/Heart-Disease-Detection

Heart Disease Detection

Primary LanguageJupyter Notebook

Heart-Disease-Detection

IDEA

Heart disease is the leading cause of death globally, and its prevalence is increasing rapidly. Early detection and prevention of heart disease are crucial for reducing mortality rates and improving the quality of life for patients. We suggest a big data project that aims to develop a predictive model for the early detection of heart disease.

Data preprocessing

  • Every categorical class changed to numerical.
    • change columns that contain values of Yes / No with 0 / 1.
    • change sex column that contain Male / Female with 1 / 0.
    • convert Age Category, Race, Diabetic and GenHealth columns with increasing values.
  • Check If non-values exist and delete it.

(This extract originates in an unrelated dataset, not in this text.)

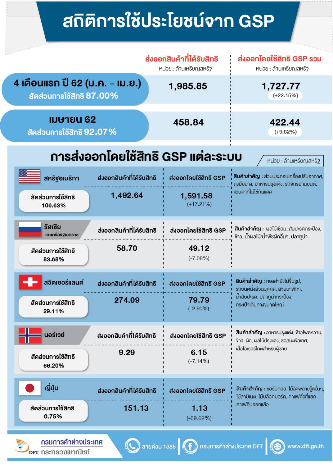 ส่วนของการใช้สิทธิประโยชน์ภายใต้ GSP จำนวน 4 ระบบ ประกอบด้วย สหรัฐฯ สวิตเซอร์แลนด์ รัสเซียและเครือรัฐเอกราช และนอร์เวย์ (ญี่ปุ่นตัดสิทธิการให้ GSP แก่ไทยตั้งแต่วันที่ 31 มี.ค.2562) มีมูลค่า 1,727.77 ล้านเหรียญสหรัฐ เพิ่มขึ้น 22.15% มีอัตราการใช้สิทธิ ร้อยละ 87 ของมูลค่าการส่งออกที่ได้รับสิทธิ GSP โดยสหรัฐฯ ยังคงมีสัดส่วนการใช้สิทธิมากที่สุด คือ ร้อยละ 92 ของมูลค่าการใช้สิทธิ GSP ทั้งหมด มีมูลค่า1,591.58 ล้านเหรียญสหรัฐ เพิ่มขึ้น 17.21% มีอัตราการใช้สิทธิร้อยละ 106.63 ของมูลค่าการส่งออกที่ได้รับสิทธิ GSP ซึ่งมีมูลค่า 1,492.64 ล้านเหรียญสหรัฐ โดยสินค้าที่มีมูลค่าการใช้สิทธิประโยชน์ฯ สูงสุด 5 อันดับแรก ได้แก่ ส่วนประกอบเครื่องปรับอากาศ ถุงมือยาง อาหารปรุงแต่ง รถจักรยานยนต์ และแว่นตาที่ไม่ใช่กันแดด

Extracting insights from data

  • Male have slightly more diabetes the female.
  • Female are smoking less than Male.
  • BMI average is between 20 and 40 and there are many outliers.
  • Between 5 and 8 hours sleep time there are outliers.

Modeling

  • For all models we used: we did RandomOversampler to balance the classes.
  • We used Naive Bayes , SVM and logistic regression from MLlib in PySpark.
  • Then we used map-reduce functions to implement Naive Bayes:
  • We calculated the prior probabilities of the features and the classes we have.
    • The map phase was used to generate key-value pair <feature, 1>
    • The reduce phase was used to aggregate the number of each attribute value.
  • We calculated the conditional probabilities of each feature given each class.
    • The map phase was used to generate key-value pair <(feature, class), 1>
    • The reduce phase was used to aggregate.
    • Then another map phase was done to calculate the conditional probabilities by dividing the totalCount of the (featureValue, class) by the totalCount of the class.